Very tasty & so simple to make. I wanted something light for lunch so made this to eat on its own. I wasn't sure that there would be sufficient flavour from the ingredients alone so made it with vegetable stock instead of plain boiling water. The saltiness from the stock worked very well against the sweetness from the pomegranate and orange juice.

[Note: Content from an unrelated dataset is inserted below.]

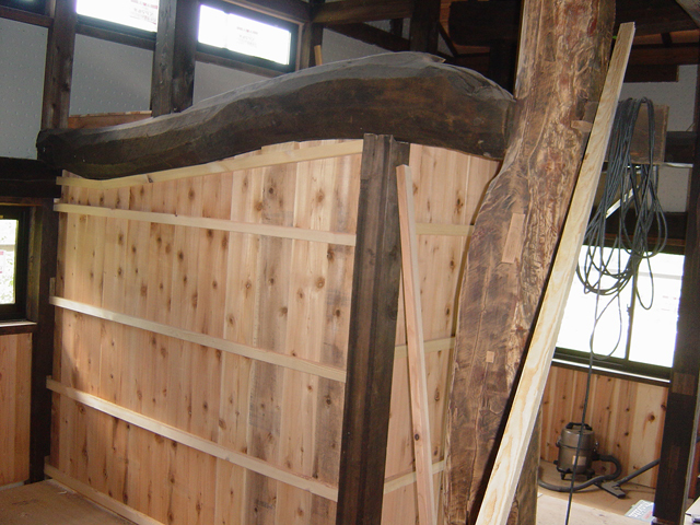 写真の背景に見える部分が横に板を張った様子です。

I'll definately make this one again.

mcfarde's picture

Served this as a side salad - really nice -the pomegranate seeds
really made the difference - will be making again

freshcream's picture

Question: Why cant we pour the OJ/oil etc. mix into the couscous to fluff it up rather than boiling water? wont it fluff up if the liquid is cold?

sami_23's picture

Always use this recipe for serving with my butternut squash tagine, real crowd pleaser and can be made very quickly in mamouth portions for easy buffet style meal. I tend to wack in a huge handful of both corriander and mint to pep up the cous cous. If you don't have pomegranates I've also found dried raisins /cranberries as a good alternative. Is also great the next day with some cubes of feta chopped and thrown in.

alexjohn's picture

Really bland - will definitely be using the chicken stock and flaked almonds next time.

dory61's picture

Like Sarah M, I used a chicken stock cube and chopped parsley! Lovely with Lamb and apricot tagine. I also put some flaked almonds in mine. And so quick and easy too.

cakeanyone's picture

Really enjoyed this. Used chicken stock instead of water and added chopped bunch of spring onions. Also used parsey instead of coriander (didn't bother with the pomegranate). Jooles - probably way too late but this is lovely cold - as it only takes about 5 mins to make, I'd make it fresh and take it to the BBQ)

jburton's picture

Just to add: if this can be made up and eaten cold would it be ok to add the liquid ingredients such as the orange juice, white wine vinegar and olive oil stir through and then leave it till ready to be eaten or would it be better to add the liquids just before serving??? im going to a BBQ soon and would like to take this with me.

jburton's picture

Ive not cooked with cous cous before, could this be made ahead and eaten cold????

Questions (1)

sarahmiranda's picture

what is the difference between couscous and bulghar? Are they the same? Can I substitute couscous for bulghar (which is harder to source in a supermarket)?